Илона поднялась и двинулась к двери. Эдвард последовал за ней.

– Мне страшно жаль, что ты уезжаешь, – сказал он. – Уезжаешь теперь, когда я тебя нашел! Это невыносимо. Пожалуйста, останься. Я тебя люблю.

Эдвард смотрел на ее красиво подстриженные золотисто-рыжие волосы, напоминающие блестящий мех ухоженного животного; теперь он смог протянуть руку и прикоснуться к Илоне. Он погладил ее волосы, а когда коснулся пальцами затылка девушки, почувствовал, как напряжено все ее тело. Его рука скользнула на шею Илоны, а потом он отступил назад. Они посмотрели друг на друга.

– Я рада тебя видеть, Эдвард. Хочу сказать тебе кое-что. В этих мемуарах – из них опубликован только небольшой отрывок… Я давно знала, что у матери есть что-то вроде дневника.
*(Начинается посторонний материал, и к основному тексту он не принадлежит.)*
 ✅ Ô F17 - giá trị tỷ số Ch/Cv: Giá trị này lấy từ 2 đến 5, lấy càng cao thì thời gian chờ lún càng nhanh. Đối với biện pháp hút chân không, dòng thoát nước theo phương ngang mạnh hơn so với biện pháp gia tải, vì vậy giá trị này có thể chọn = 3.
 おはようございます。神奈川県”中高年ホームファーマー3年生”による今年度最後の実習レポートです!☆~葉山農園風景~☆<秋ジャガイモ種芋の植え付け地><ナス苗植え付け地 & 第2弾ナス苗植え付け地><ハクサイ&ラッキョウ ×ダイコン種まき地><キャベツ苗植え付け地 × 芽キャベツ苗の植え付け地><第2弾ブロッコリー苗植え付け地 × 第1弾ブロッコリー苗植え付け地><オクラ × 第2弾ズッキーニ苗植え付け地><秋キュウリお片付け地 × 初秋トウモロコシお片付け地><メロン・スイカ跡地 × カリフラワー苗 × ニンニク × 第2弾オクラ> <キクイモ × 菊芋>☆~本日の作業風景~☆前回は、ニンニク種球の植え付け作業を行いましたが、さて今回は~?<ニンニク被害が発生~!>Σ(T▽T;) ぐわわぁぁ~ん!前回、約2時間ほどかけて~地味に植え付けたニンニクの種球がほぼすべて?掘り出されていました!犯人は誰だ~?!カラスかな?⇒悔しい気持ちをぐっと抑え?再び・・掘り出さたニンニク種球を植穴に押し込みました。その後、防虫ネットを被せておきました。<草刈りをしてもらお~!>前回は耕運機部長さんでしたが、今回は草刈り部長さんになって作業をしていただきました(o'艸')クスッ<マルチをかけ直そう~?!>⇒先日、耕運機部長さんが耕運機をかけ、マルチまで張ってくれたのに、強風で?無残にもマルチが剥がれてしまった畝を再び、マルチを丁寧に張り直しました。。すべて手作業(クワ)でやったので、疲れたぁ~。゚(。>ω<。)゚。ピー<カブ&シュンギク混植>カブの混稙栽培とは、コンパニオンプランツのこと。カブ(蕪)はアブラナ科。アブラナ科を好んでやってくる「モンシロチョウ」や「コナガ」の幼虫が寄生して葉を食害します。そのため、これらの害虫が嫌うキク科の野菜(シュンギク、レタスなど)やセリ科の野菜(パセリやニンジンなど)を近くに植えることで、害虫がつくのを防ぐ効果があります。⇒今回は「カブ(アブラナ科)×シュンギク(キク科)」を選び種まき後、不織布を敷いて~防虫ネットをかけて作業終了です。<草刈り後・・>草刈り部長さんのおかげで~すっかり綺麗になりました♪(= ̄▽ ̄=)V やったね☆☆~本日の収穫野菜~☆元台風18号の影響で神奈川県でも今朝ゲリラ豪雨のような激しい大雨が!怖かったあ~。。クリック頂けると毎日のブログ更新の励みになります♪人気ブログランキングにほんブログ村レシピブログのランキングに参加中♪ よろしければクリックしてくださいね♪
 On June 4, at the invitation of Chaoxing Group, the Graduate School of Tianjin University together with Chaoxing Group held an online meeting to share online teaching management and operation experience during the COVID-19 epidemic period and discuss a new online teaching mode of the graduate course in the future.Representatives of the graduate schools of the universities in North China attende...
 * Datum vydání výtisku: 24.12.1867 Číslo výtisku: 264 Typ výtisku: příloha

Она его никогда нам не показывала, но говорила, что у нее были утешения…

– Утешения?

– Романы. У Джесса бывали романы. Она говорила, что и у нее тоже. Наверное, давным-давно.

Илона замолчала, словно это было все, что она собиралась сказать.
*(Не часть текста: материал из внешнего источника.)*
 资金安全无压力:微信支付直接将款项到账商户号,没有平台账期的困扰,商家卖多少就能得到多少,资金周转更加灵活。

– Ну… и что дальше? – спросил Эдвард.

– Больше ничего.

– Не понимаю.

– Ну тогда и не надо, лучше пусть так и останется. Я должна идти. Мне еще нужно умыться и накраситься.

Эдвард смотрел на ее опрокинутое лицо, такое маленькое и худенькое без прежней копны длинных волос.

– О нет… – сказал он.

– Забудь об этом. Заодно с тем, другим.

– Ты хочешь сказать, что Джесс, может быть, тебе не отец?

– Может, и так. Но мы никогда не узнаем. Бесполезно думать об этом.

– Теперь, когда ты об этом сказала, как мы можем не…

– Беттина похожа на Джесса, а я нет, но это, конечно, ничего не доказывает.

– Можно сделать анализ крови… Но, Илона, мы не можем начать это расследование. Это немыслимо.

– Согласна.

– Как странно! Джесс однажды сказал мне, что я женюсь на тебе. Я напомнил ему, что ты моя сестра. Может быть, он считал, что это не так?

Илона покачала головой, но ничего не ответила.

– И у тебя есть предположения, кто мог быть твоим отцом?

Этот разговор был ужасным. «Мы должны прекратить», – подумал Эдвард.

– Нет. Был один человек… Теперь он мертв. По-моему, он был любовником Джесса, а потом матушка Мэй отбила его, но у меня нет никаких оснований считать… Просто я почему-то помню его. Он был художником, его звали Макс Пойнт.

Эдвард чуть не вскрикнул, услышав это имя, но сдержался и закрыл рот рукой. Он должен все обдумать.

– Я думаю… не сейчас, а позднее… мы могли бы спросить у твоей матери, – предложил он.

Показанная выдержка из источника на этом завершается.